Google announcements about robots.txt
The Good, the Bad and the Ugly
Conclusions
The news: Google announcements about robots.txt
In 2014 we wrote an article - The robots.txt File, Twenty Years Later - where we ended with the sentence Time to make it a real standard - It's high time the major players formed a committee, wrote an updated RFC, and submitted a serious specification to apply for standardization
.
Five years later, the wish comes true!
Google has announced they partnered with Martijn Koster - the original inventor of the protocol - and other search engines to make an official RFC (Request For Comments) draft to transform what is today a de-facto standard into a ratified official standard.
The news do not end here:
Google also announced they open sourced the code of their robots.txt parser.
A detail from the robots.txt file on visual-seo.com
The Good, the Bad and the Ugly
The change is mostly a good thing. Please read our old article to know all about robots.txt and its shortcomings.
The good
- A standardized protocol with a formal specification means that search engines do not have to sort out things on their own the specifications lack details: they are supposed to point out where the specifications are poor, and have them extended.
The current RFC covers parts that were originally left to interpretation: what to do with unexpected HTTP status codes, how to handle redirects, when to use cached results is justified, what size limit to consider, how to deal with Unicode characters, BOM, etc... - Legal claims for robots.txt infringments can now stand on slightly more solid grounds (well, "slightly" we said).
- It's an RFC, and despite what someone says, everyone should be able to make proposals on it. We will try to push our own proposal about case-sensitivity of the directive paths (i.e. keep them case sensitive by default, but permit to specify if they are case-insensitive) to fix the mess done by IIS and other case insensitive web servers.
The Bad
- While praiseworthy, Google's move seems to be made to impose their own interpretation of the gaps in the original robots.txt specifications.
For example, the way redirections are to be handled is clearly Google way to deal with them, and in my humble opinion very subjective. My guess is they are stated to exactly match their implementation rather than for standardization sake. - The new RFC states that any HTTP 40x status codes implies that a crawler can be free to access any resource on the web server. This is exactly today's Googlebot behaviour which we already contested in the past: it forcibly also includes HTTP 401 "Unauthorized" and HTTP 403 "Forbidden" response codes which are clearly meant for the contrary!
- There is almost nothing in the current RFC to describe robots.txt extensions subsequent the initial specification.
The only things covered are the Allow directive and the wildcards $ and *. For the rest, there is a reference to the "Sitemap" directive, explaining how the format is extensible so that implementers could decide to support non-standard directives.

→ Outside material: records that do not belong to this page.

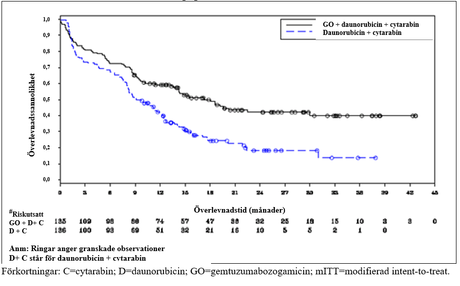 Effekten av MYLOTARG har uppvisats hos AML-patienter med en cytogenetik som medför gynnsam och intermediär risk, medan det finns en osäkerhet rörande omfattningen av effekten hos patienter med högriskcytogenetik (se avsnitt Farmakodynamiska egenskaper). För patienter som behandlas med MYLOTARG i kombination med daunorubicin och cytarabin för nydiagnosticerad de novo AML, ska man när cytogenetiktestresultaten har kommit överväga om de potentiella fördelarna med att fortsätta behandlingen med MYLOTARG är större än riskerna för den enskilda patienten (se avsnitt Farmakodynamiska egenskaper).
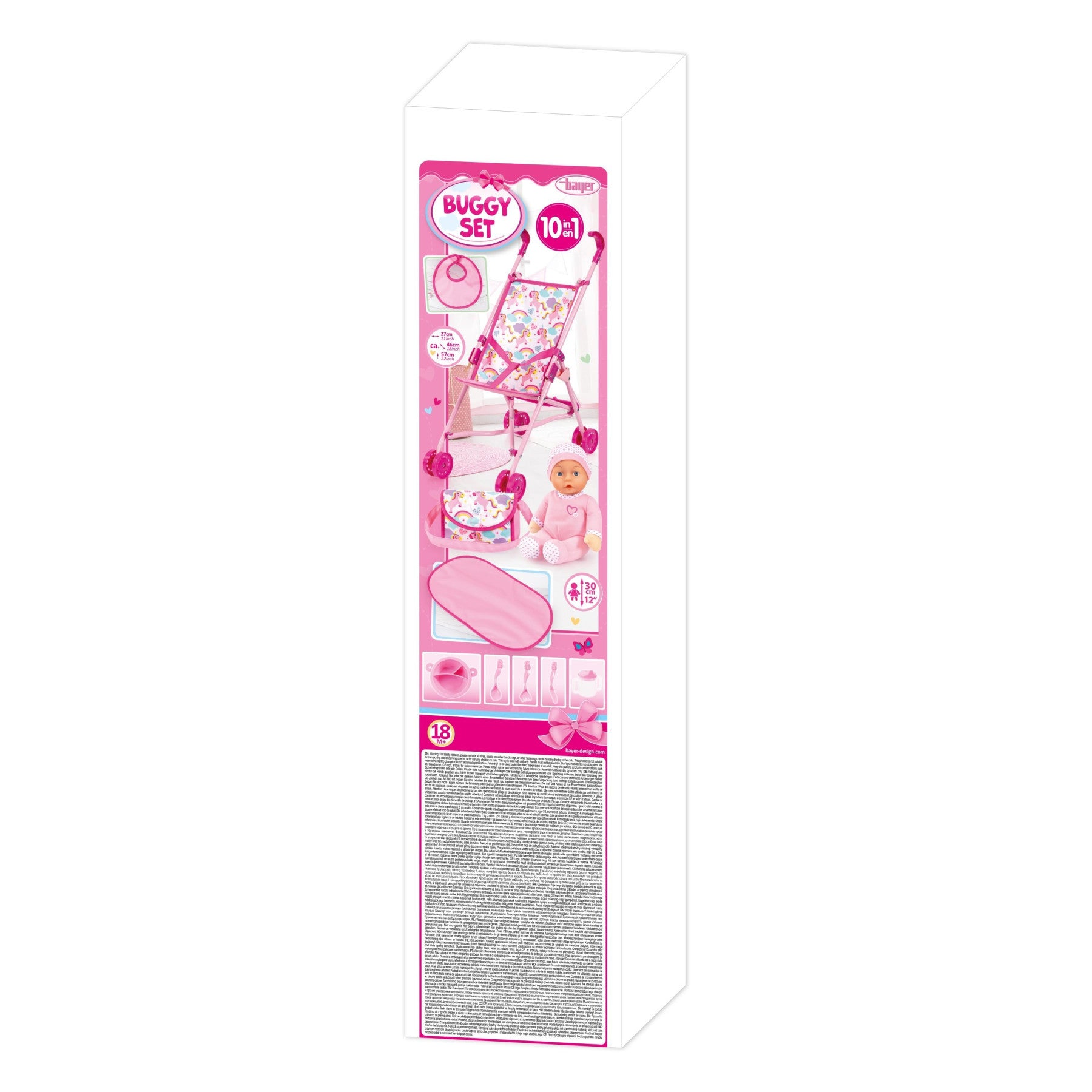 Buggy Dolls Pram Set (Pink/Unicorns) w/30cm Doll Bayer Bay30585AB
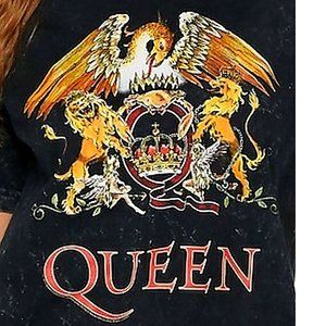 Super comfy mineral wash black cotton T-shirt featuring a classic logo design from the classic rock legends Queen on front. Crew neckline, short cap sleeves, and a fitted construction. Must have for every Queen fan. 100% Cotton.

Of course, you will not find references to the "Crawl-Delay" directive, as notoriously Google does not support it. - Google is planning to drop the Noindex directive, which albeit non-standard and kept hidden, was indeed cool and helpful, saving tonnes of HTTP requests to de-index pages. As we already said, the Noindex directive should be pushed in the new standard.
The Ugly
- The specification imposes Google way to deal with conflicting Allow/Disallow directives, with the "longest match" rule. It has a serious shortcoming when you are using the * wildcard or when some parts of the paths to be compared are using percent-encoding, then the length in characters becomes in practice random.
Using a rule based on the order of the directives like other search engines do would have solved all ambiguities.
Conclusions
Google declared they wrote down the RFC draft in collaboration with other search engines. Three days after they announcement, we noticed no mention of such collaboration in other search engines' blogs. The fact the draft reflects so much about Google implementation makes us wonder what is the level of involvement of Bing, Yandex, Baidu, and the rest of the crowd.
An RFC is a Request for Comments, all stakeholders and interested parties should partecipate to make it shine.
The dice was thrown, now let's make it roll!